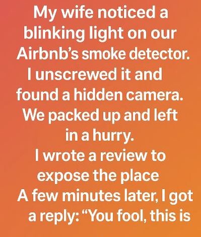 On a getaway, my wife noticed a blinking light on the smoke detector above our bed. Suspecting a hidden camera, I unscrewed it, revealing a suspicious device. Panicked, we packed and fled the rental, horrified at the thought of being recorded. Furious, I left a scathing review warning others. As we drove away, the host messaged
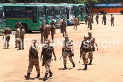Photo Caption : Election Duty busses being parked ahead of the Karnataka Assembly Elections at Malleshwaram Government College, near Freedom Park, in Bengaluru on Friday 11th May 2018
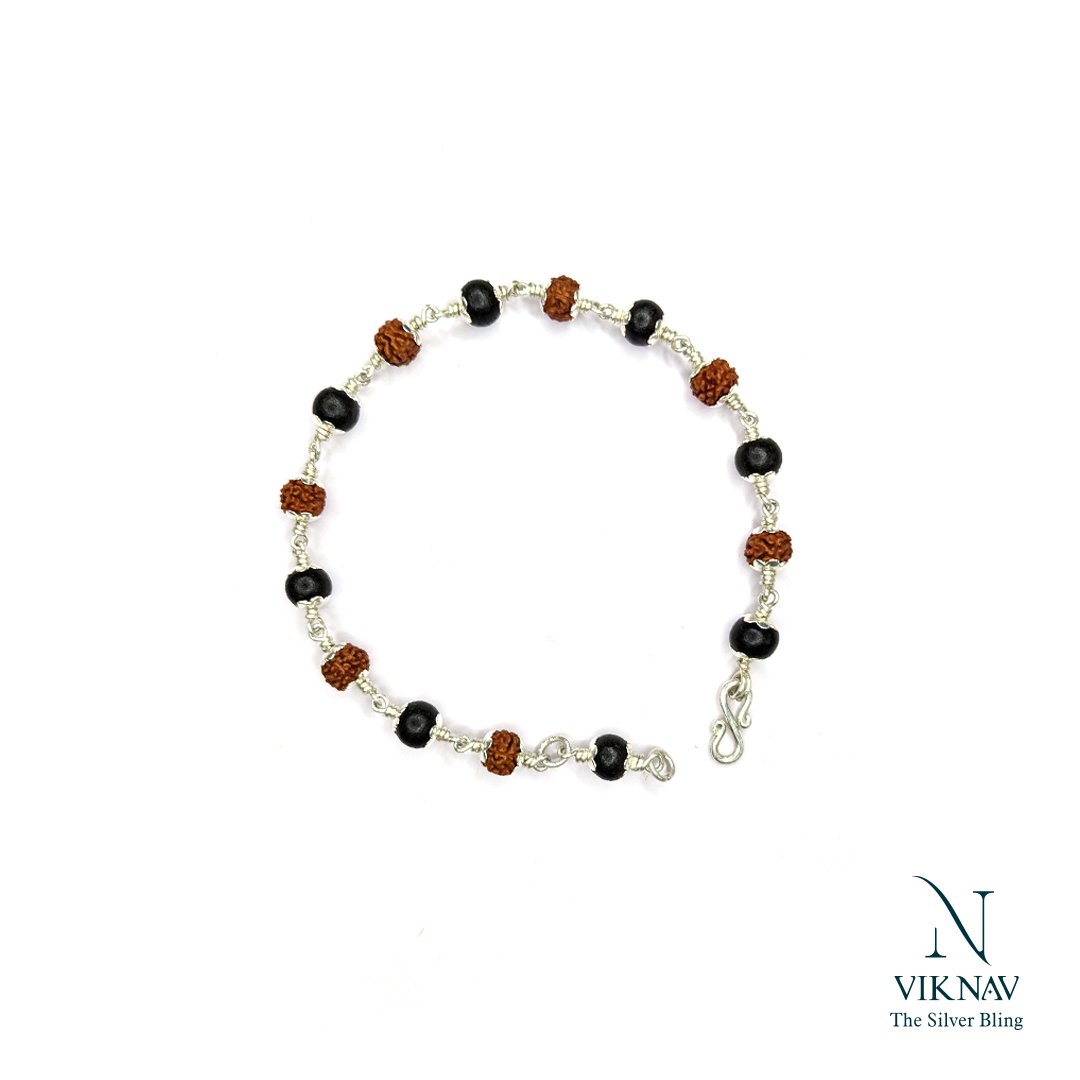 Embrace tradition and spiritual energy with our Handmade Silver Karungali (Ebony Wood) with Rudraksha Bracelet. Expertly crafted by artisans, this bracelet combines the protective powers of Karungali, revered for its grounding and healing qualities, with sacred Rudraksha beads, symbolizing peace, strength, and divine connection. The bracelet is accentuated with pure silver detailing, adding an elegant touch to its spiritual essence. Ideal for daily wear or sacred rituals, it’s more than an accessory—it's a personal talisman that aligns your mind, body, and soul.
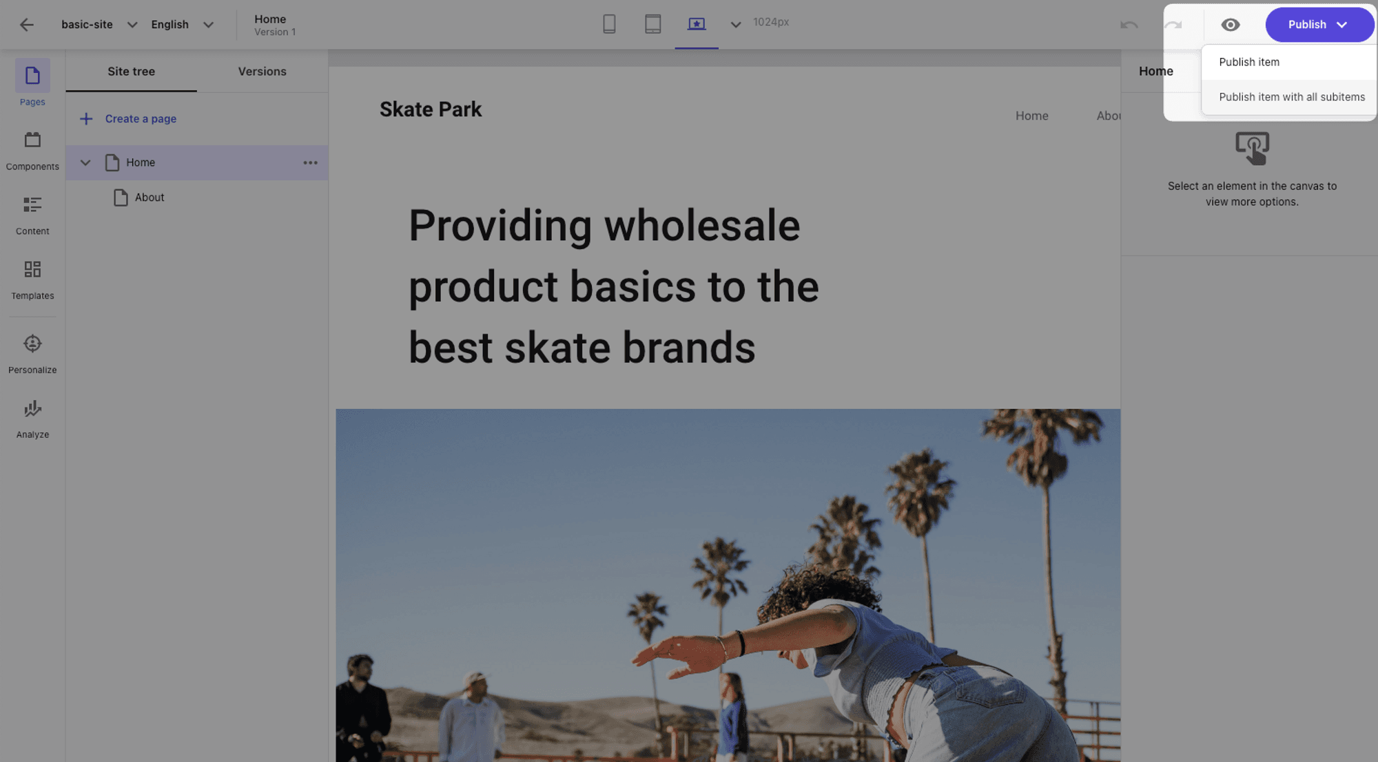 - Select Publish > Publish item with all sub-items

::::

◆ **Task item**: Only the pictures are to be left out; copy all the remaining material above exactly.

◆ **Solution for this problem**:
 On a getaway, my wife noticed a blinking light on the smoke detector above our bed. Suspecting a hidden camera, I unscrewed it, revealing a suspicious device. Panicked, we packed and fled the rental, horrified at the thought of being recorded. Furious, I left a scathing review warning others. As we drove away, the host messaged
Photo Caption : Election Duty busses being parked ahead of the Karnataka Assembly Elections at Malleshwaram Government College, near Freedom Park, in Bengaluru on Friday 11th May 2018
 Embrace tradition and spiritual energy with our Handmade Silver Karungali (Ebony Wood) with Rudraksha Bracelet. Expertly crafted by artisans, this bracelet combines the protective powers of Karungali, revered for its grounding and healing qualities, with sacred Rudraksha beads, symbolizing peace, strength, and divine connection. The bracelet is accentuated with pure silver detailing, adding an elegant touch to its spiritual essence. Ideal for daily wear or sacred rituals, it’s more than an accessory—it's a personal talisman that aligns your mind, body, and soul.
 - Select Publish > Publish item with all sub-items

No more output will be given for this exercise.